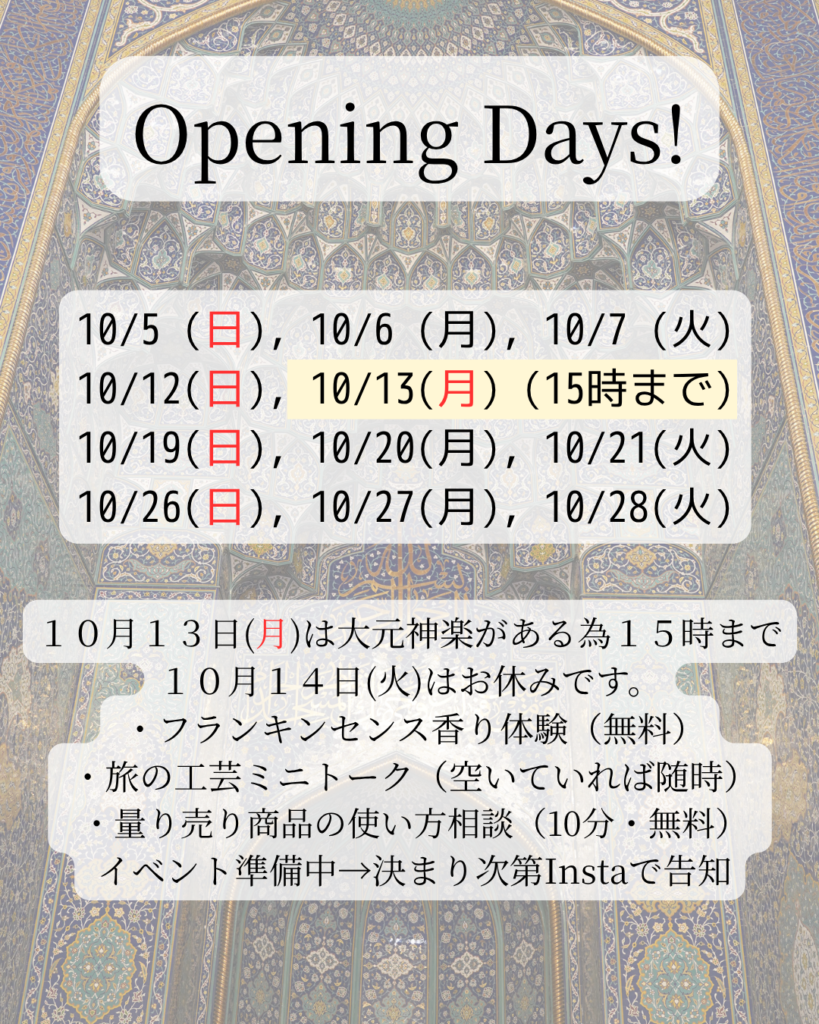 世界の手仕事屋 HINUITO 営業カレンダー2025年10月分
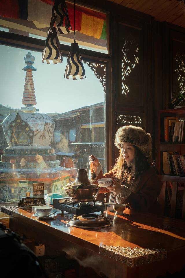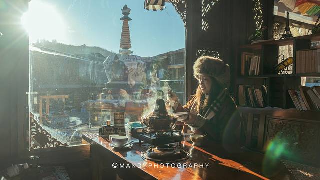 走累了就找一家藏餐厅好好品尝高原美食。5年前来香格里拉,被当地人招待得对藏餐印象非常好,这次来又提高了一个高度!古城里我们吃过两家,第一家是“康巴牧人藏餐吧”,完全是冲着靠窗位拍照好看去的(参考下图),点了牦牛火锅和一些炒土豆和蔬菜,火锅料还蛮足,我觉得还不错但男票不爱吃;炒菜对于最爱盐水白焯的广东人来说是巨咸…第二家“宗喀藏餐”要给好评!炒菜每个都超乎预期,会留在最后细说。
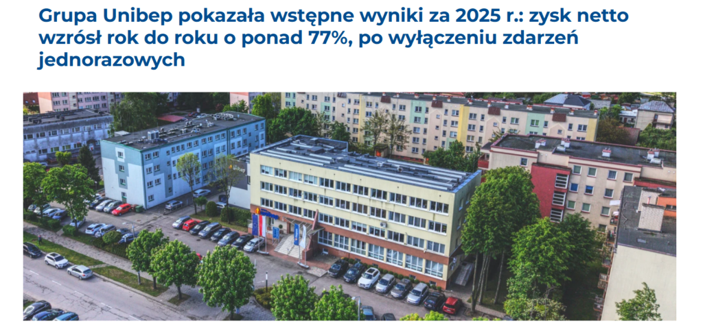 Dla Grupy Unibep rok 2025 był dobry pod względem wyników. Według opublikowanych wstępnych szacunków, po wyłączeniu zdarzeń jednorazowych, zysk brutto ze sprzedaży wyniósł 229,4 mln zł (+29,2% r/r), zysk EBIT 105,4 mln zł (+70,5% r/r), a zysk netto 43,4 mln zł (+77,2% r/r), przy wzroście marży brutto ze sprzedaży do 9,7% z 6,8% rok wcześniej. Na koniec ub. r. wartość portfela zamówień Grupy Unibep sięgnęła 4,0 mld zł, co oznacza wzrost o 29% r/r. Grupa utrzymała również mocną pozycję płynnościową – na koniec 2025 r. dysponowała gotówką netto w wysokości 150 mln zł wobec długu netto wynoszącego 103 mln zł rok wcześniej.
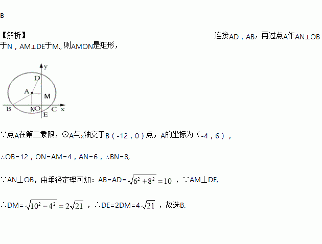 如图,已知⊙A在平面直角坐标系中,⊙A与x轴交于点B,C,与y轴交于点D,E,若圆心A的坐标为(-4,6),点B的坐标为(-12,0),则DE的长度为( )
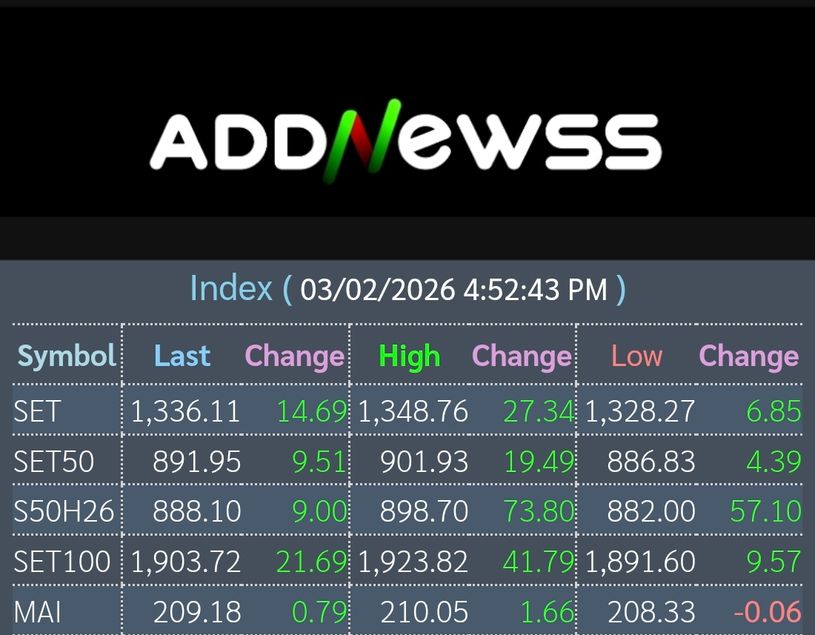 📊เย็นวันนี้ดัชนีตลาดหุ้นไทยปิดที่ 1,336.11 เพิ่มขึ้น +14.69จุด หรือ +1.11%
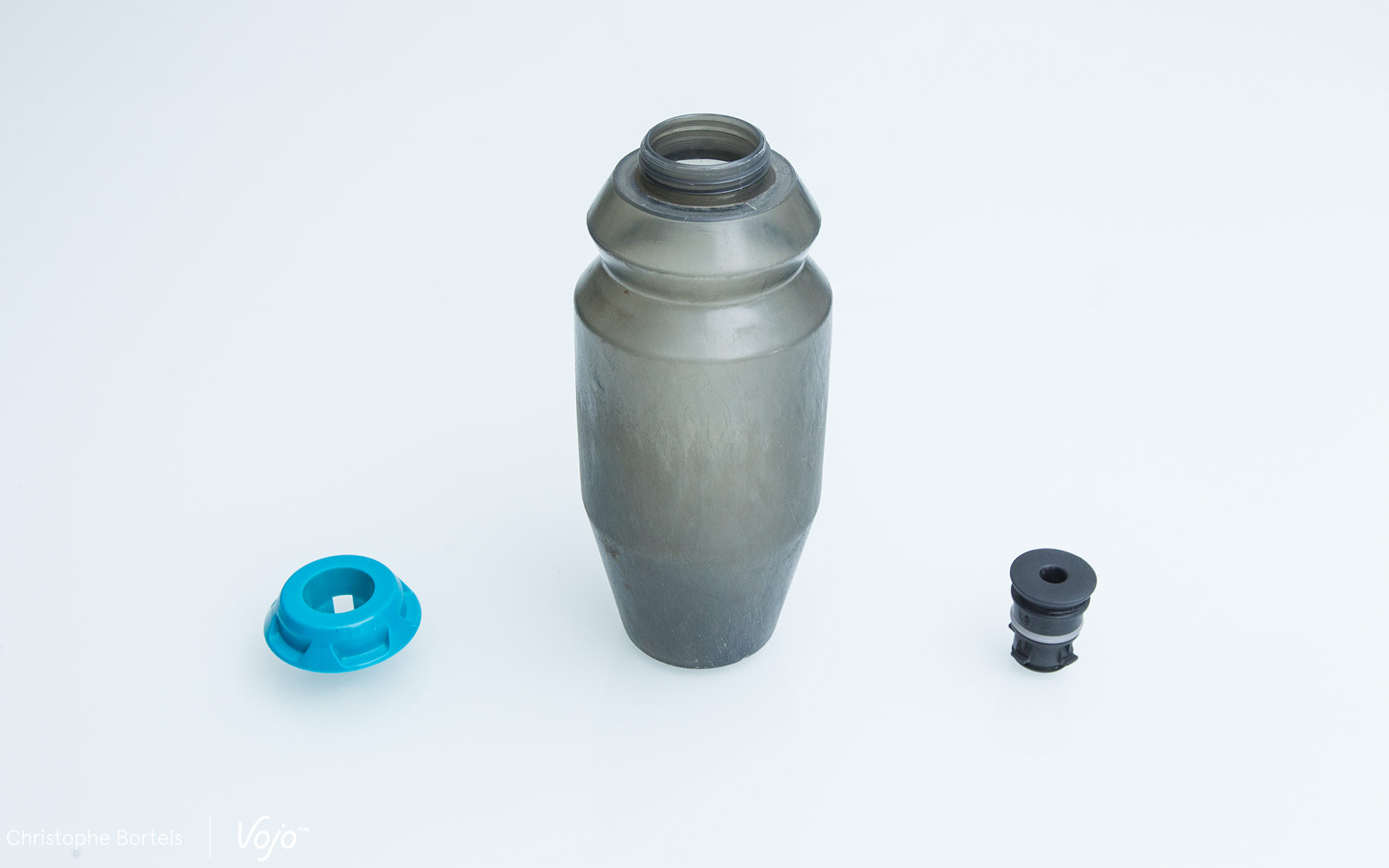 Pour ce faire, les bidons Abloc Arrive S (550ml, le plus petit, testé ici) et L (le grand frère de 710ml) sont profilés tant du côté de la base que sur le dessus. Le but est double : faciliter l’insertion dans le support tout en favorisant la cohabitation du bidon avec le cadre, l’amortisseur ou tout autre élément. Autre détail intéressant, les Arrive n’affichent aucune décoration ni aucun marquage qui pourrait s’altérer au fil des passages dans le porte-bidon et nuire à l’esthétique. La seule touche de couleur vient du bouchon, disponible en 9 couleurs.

| Problem to solve |
Please give again the entries word for word, starting at the first line and ending with the line that contains "走累了就找一家藏餐厅好好品尝"; include both of those lines but none of the pictures.

| Solution |
 世界の手仕事屋 HINUITO 営業カレンダー2025年10月分
 走累了就找一家藏餐厅好好品尝高原美食。5年前来香格里拉,被当地人招待得对藏餐印象非常好,这次来又提高了一个高度!古城里我们吃过两家,第一家是“康巴牧人藏餐吧”,完全是冲着靠窗位拍照好看去的(参考下图),点了牦牛火锅和一些炒土豆和蔬菜,火锅料还蛮足,我觉得还不错但男票不爱吃;炒菜对于最爱盐水白焯的广东人来说是巨咸…第二家“宗喀藏餐”要给好评!炒菜每个都超乎预期,会留在最后细说。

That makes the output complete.